To quote from my book, The Bayesian Choice (2007, Section 2.3, pp. 63-64)
The Bayesian approach to decision theory integrates on the parameter space $\Theta$, since $\theta$ is unknown, instead of integrating on the sampling space ${\cal X}$, as $x$ is observed. It relies on the posterior expected loss \begin{eqnarray*} \rho(\pi,d|x) & = & \mathbb{E}^\pi[L(\theta,d)|x] \\ \tag{1} & = & \int_{\Theta} \mathrm{L}(\theta,d) \pi(\theta|x)\, \text{d}\theta, \end{eqnarray*} which averages the error (i.e., the loss) according to the posterior distribution of the parameter $\theta$, conditional on the observed value $x$. Given $x$, the average error resulting from decision $d$ is actually $\rho(\pi,d|x)$. The posterior expected loss is thus a function of $x$ but this dependence is not an issue, as opposed to the frequentist dependence of the risk on the parameter because $x$, contrary to $\theta$, is known.

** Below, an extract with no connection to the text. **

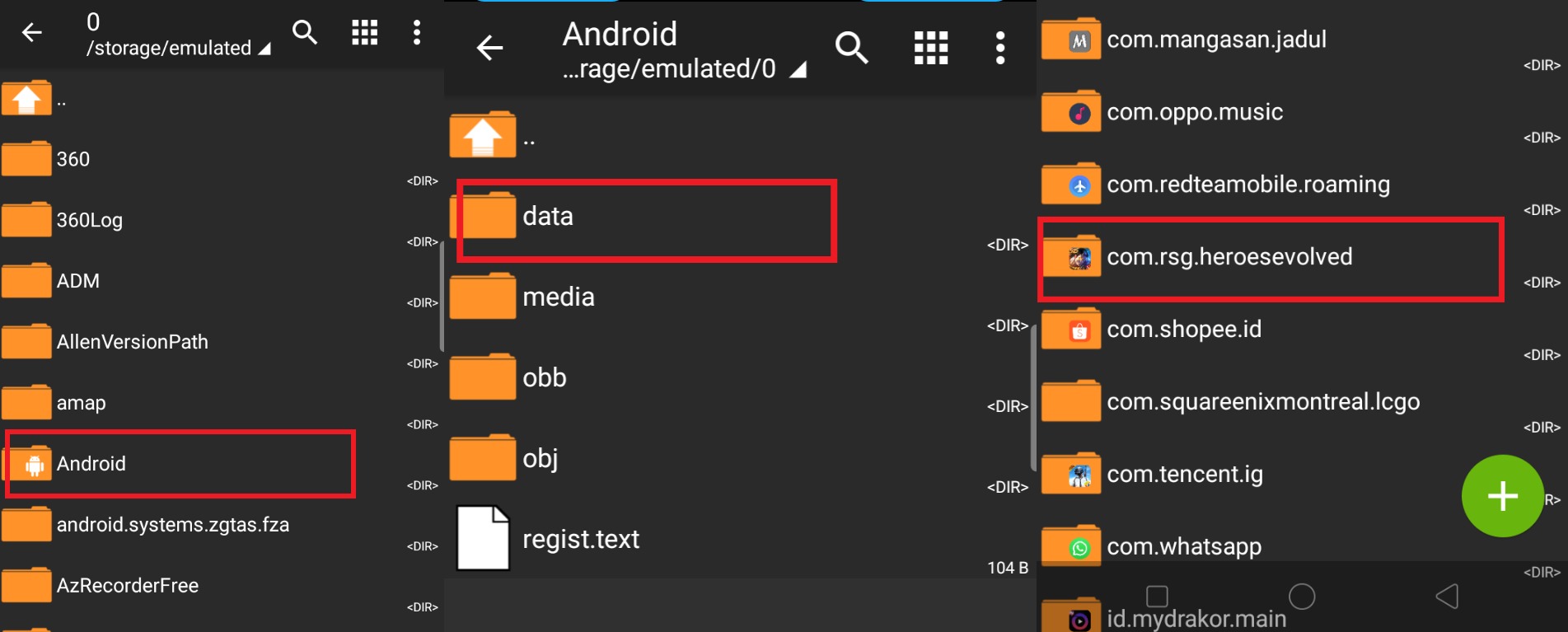 2. Cari folder game-nya di memori internal Android – data – com.rsg.heroesevolved.

Given a prior distribution $\pi$, it is also possible to define the integrated risk, which is the frequentist risk averaged over the values of $\theta$ according to their prior distribution \begin{eqnarray*} r(\pi,\delta) & = & \mathbb{E}^\pi[R(\theta,\delta)] \\ \tag{2} & = & \int_{\Theta} \int_{\cal X} \mathrm{L}(\theta,\delta(x))\, f(x|\theta) \,\text{d}x\ \pi(\theta)\, \text{d}\theta. \end{eqnarray*} One particular appeal of this second concept is that it associates a real number with every estimator, not a function of $\theta$. It therefore induces a total ordering on the set of estimator s, i.e., allows for the direct comparison of estimators. This implies that, while taking into account the prior \info\information through the prior distribution, the Bayesian approach is sufficiently reductive (in a positive sense) to reach an effective decision. Moreover, the above two notions are equivalent in that they lead to the same decision.
A bit further, I use the following definition for the Bayes risk:
A Bayes estimator associated with a prior distribution $\pi$ and a loss function $\mathrm{L}$ is any estimator $\delta^\pi$ which minimizes $r(\pi,\delta)$. For every $x\in\cal{X}$, it is given by $\delta^\pi(x)$, argument of $$\min_d \rho(\pi,d|x)$$ The value $$r(\pi) = r(\pi,\delta^\pi)\tag{3}$$ is then called the Bayes risk.